As the five committee members discussed the resolutions, several men in the crowd yelled for Waddell to deliver a speech. The Colonel told them that the time for speech making had passed. “The pot needs no more fuel to set it to boiling,” he said. After preaching violence at campaign rallies throughout the summer and fall, Waddell now advised caution and restraint until the time was right to act. He spoke briefly, ending with an assurance that Manly would be dealt with sternly.
Rountree then read a short statement: “It is the sense of this meeting that Mayor S. P. Wright and Chief of Police Jno. R. Melton, having demonstrated their utter incapacity to give the city a decent government and keep order therein, their continuance in office being a constant menace to the peace and welfare of this community, they ought forthwith to resign.”
Attention then turned to the broader goal of the meeting: devising a swift and certain plan to overthrow city government and ensure that black men never again held office in Wilmington. Waddell was selected to lead a committee of twenty-five men to carry out the day’s resolutions. The Colonel purposely left Rountree off the committee—“the kind of gratitude he generally displayed,” Rountree complained later.
The meeting ended at 1:00 p.m. to rousing applause and cheers. Men shook hands and embraced, then lined up to sign the declaration and resolutions. After 457 signatures, there was no space for more.
Henry Litchfield West, the Washington Post correspondent, was impressed by the white men’s expressions of entitlement and impunity.
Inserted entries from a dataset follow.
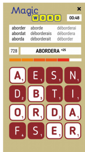
(a) MagicWord [8]

L'objectif du projet Lex:gaMe est d'améliorer les compétences lexicales des étudiants universitaires. Il s'articule autour de la conception d'une base lexicale à laquelle pourront être connectés deux jeux lexicaux déjà partiellement développés par d'autres membres du projet. La base lexicale permettra aux apprenants de rechercher des mots (tel un dictionnaire) et proposera des fonctionnalités dédiées à l'apprentissage (carnet de vocabulaire partagé, statistiques personnelles, révision de listes de mots...). Les deux jeux en question sont MagicWord (voir Fig. 1a) qui consiste à trouver des mots dans une grille de 16 cases (4×4) contenant des lettres et Game of Words (voir Fig. 1a) reposant sur le principe du Taboo [9] : un joueur reçoit un mot, enregistre une définition orale sans utiliser les mots interdits; un deuxième joueur aura la tâche de vérifier que l'enregistrement est valide et respecte bien les consignes; enfin le dernier joueur doit deviner le mot initial d'après la définition. MagicWord cible des connaissances lexicales de bas niveau (e.g. forme du mot, morphologie) [8] quand Game of Words se focalise sur des connaissances lexicales de haut niveau (e.g. sens, utilisation).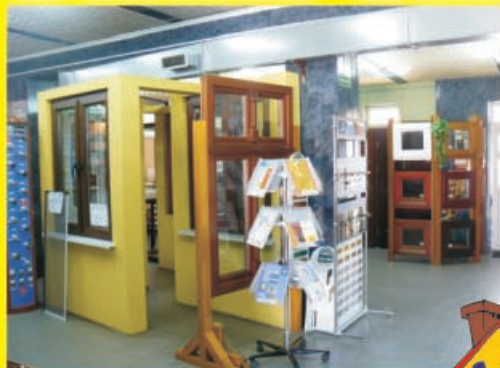
Firma "DOM-MAX" tel. 014 62-96-100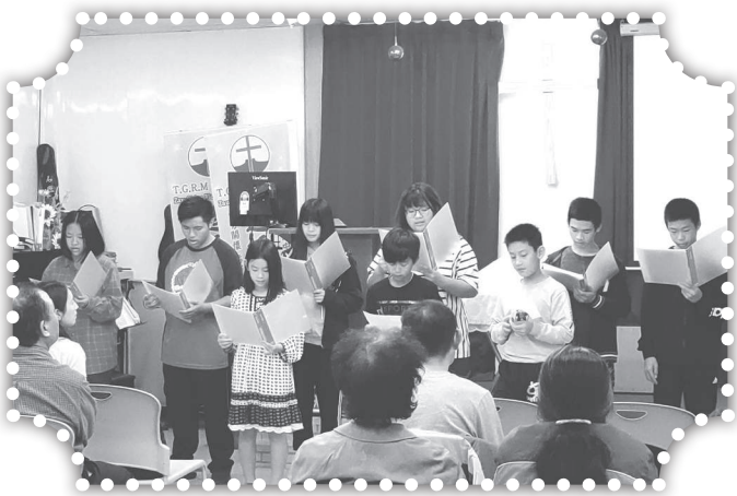
▲兒童與青少年英文獻詩。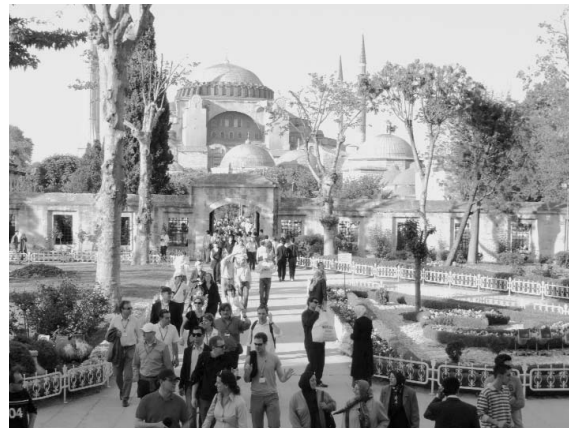
Alumni in Istanbul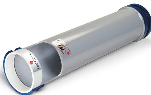
Esempio di tubo sezionato.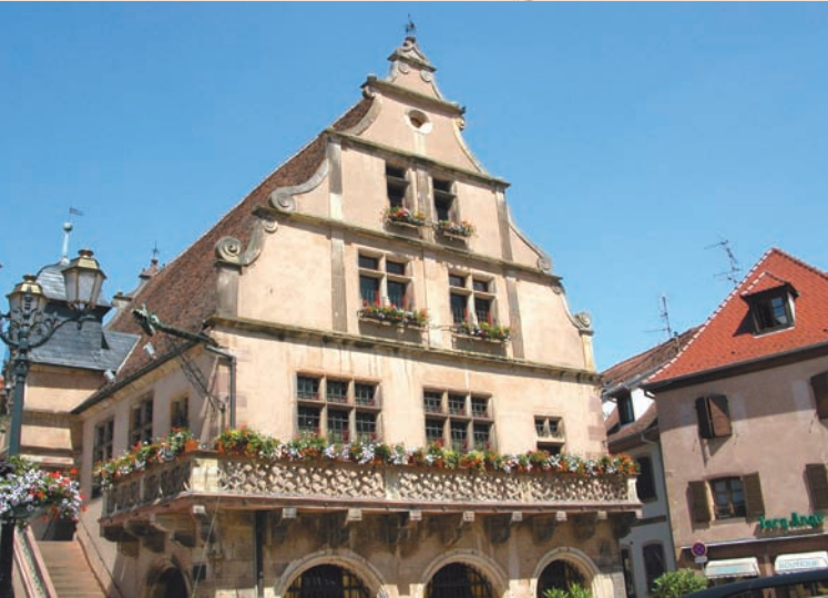
Vues sur la façade Renaissance Sicht auf die Renaissance Fassade Views of the Renaissance facade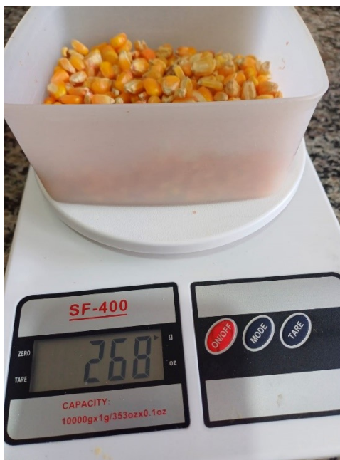
Figura 7– Avaliação de massa de grãos de milho

Para obter a massa média de mil grãos foram retirados ao acaso 1000 grãos de milho de 5 plantas das linhas centrais de cada tratamento, pesados em uma balança de precisão conforme Figura 7.

Flushed with victory , they hastened to emphasize their return to power … one cannot help but admire the candor of their action. They resorted to no secrecy or mask. What they did was done in broad daylight; and the entire proceeding suggested the stateliness of a Greek tragedy.
Two hours after the meeting adjourned, Waddell led twenty-five of the city’s leading white men into a conference room inside the Merchant’s Association building on Market Street. The Colonel wanted the committee to act quickly and decisively. His first move was to summon the city’s black leaders to inform them of the resolutions.
Under Waddell’s guidance, the committee drew up a list of thirty-two men they considered leaders of the city’s black community. This came to be known as the Committee of Colored Citizens. It included ministers, lawyers, doctors, businessmen, and politicians. Among them:
William Henderson, the outspoken lawyer who everyone assumed was black but was actually of white and American Indian heritage.
Thomas C. Miller, Wilmington’s wealthiest black man, who owned considerable property and, it was said, was owed large sums by white borrowers.
Frederick C. Sadgwar, the successful carpenter and builder who was Alex Manly’s father-in-law.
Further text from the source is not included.